*** Opening GIVEN DATA ***

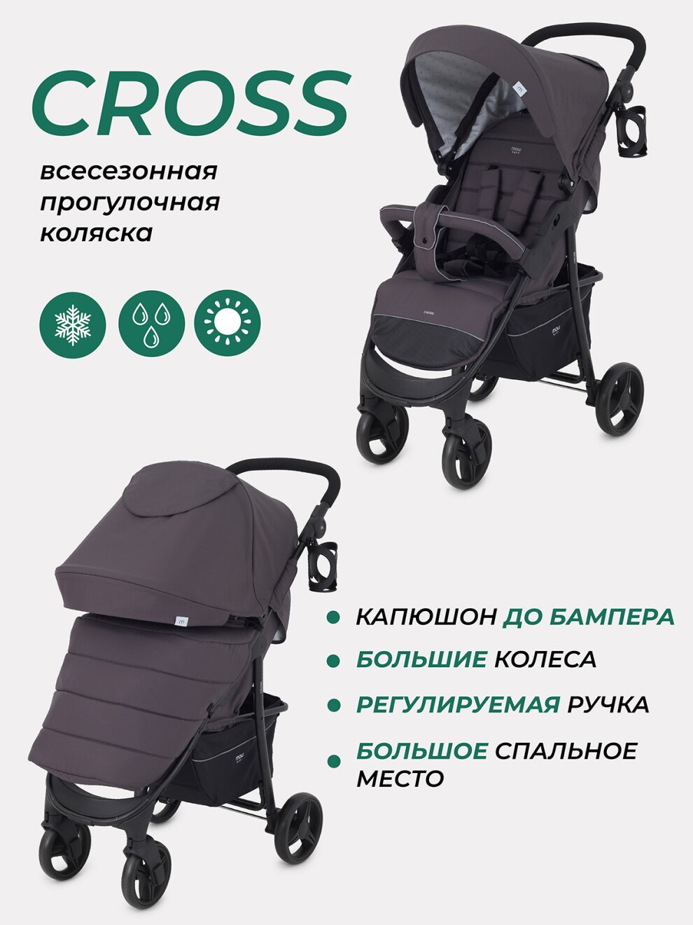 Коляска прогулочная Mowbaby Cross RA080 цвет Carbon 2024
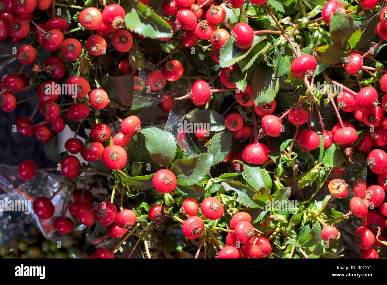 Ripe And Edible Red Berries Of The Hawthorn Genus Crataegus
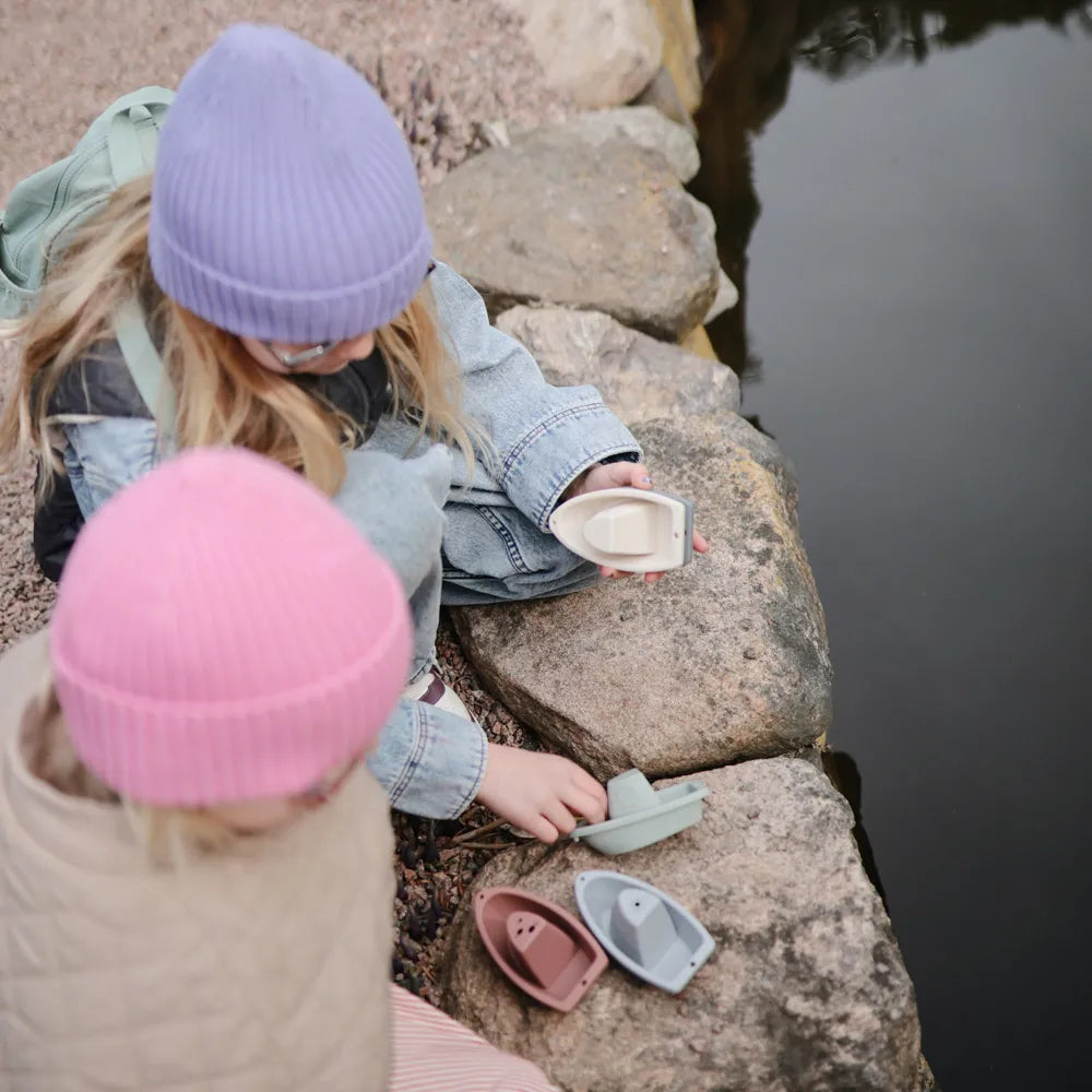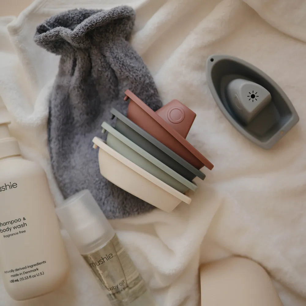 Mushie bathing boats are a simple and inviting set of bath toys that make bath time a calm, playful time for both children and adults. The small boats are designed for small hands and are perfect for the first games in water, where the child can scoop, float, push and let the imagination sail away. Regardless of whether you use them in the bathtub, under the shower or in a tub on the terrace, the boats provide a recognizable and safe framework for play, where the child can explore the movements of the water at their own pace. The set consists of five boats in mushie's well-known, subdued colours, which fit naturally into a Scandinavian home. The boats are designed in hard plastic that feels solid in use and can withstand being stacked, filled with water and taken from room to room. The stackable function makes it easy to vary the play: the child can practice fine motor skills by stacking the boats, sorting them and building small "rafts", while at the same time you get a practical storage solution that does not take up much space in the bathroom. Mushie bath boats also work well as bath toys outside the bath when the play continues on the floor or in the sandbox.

*** Closing GIVEN DATA ***

▶ **TASK INSTRUCTIONS**
Print every line above exactly as given, but not the pictures.

▶ **YOUR RESPONSE**
 Коляска прогулочная Mowbaby Cross RA080 цвет Carbon 2024
 Ripe And Edible Red Berries Of The Hawthorn Genus Crataegus
 Mushie bathing boats are a simple and inviting set of bath toys that make bath time a calm, playful time for both children and adults. The small boats are designed for small hands and are perfect for the first games in water, where the child can scoop, float, push and let the imagination sail away. Regardless of whether you use them in the bathtub, under the shower or in a tub on the terrace, the boats provide a recognizable and safe framework for play, where the child can explore the movements of the water at their own pace. The set consists of five boats in mushie's well-known, subdued colours, which fit naturally into a Scandinavian home. The boats are designed in hard plastic that feels solid in use and can withstand being stacked, filled with water and taken from room to room. The stackable function makes it easy to vary the play: the child can practice fine motor skills by stacking the boats, sorting them and building small "rafts", while at the same time you get a practical storage solution that does not take up much space in the bathroom. Mushie bath boats also work well as bath toys outside the bath when the play continues on the floor or in the sandbox.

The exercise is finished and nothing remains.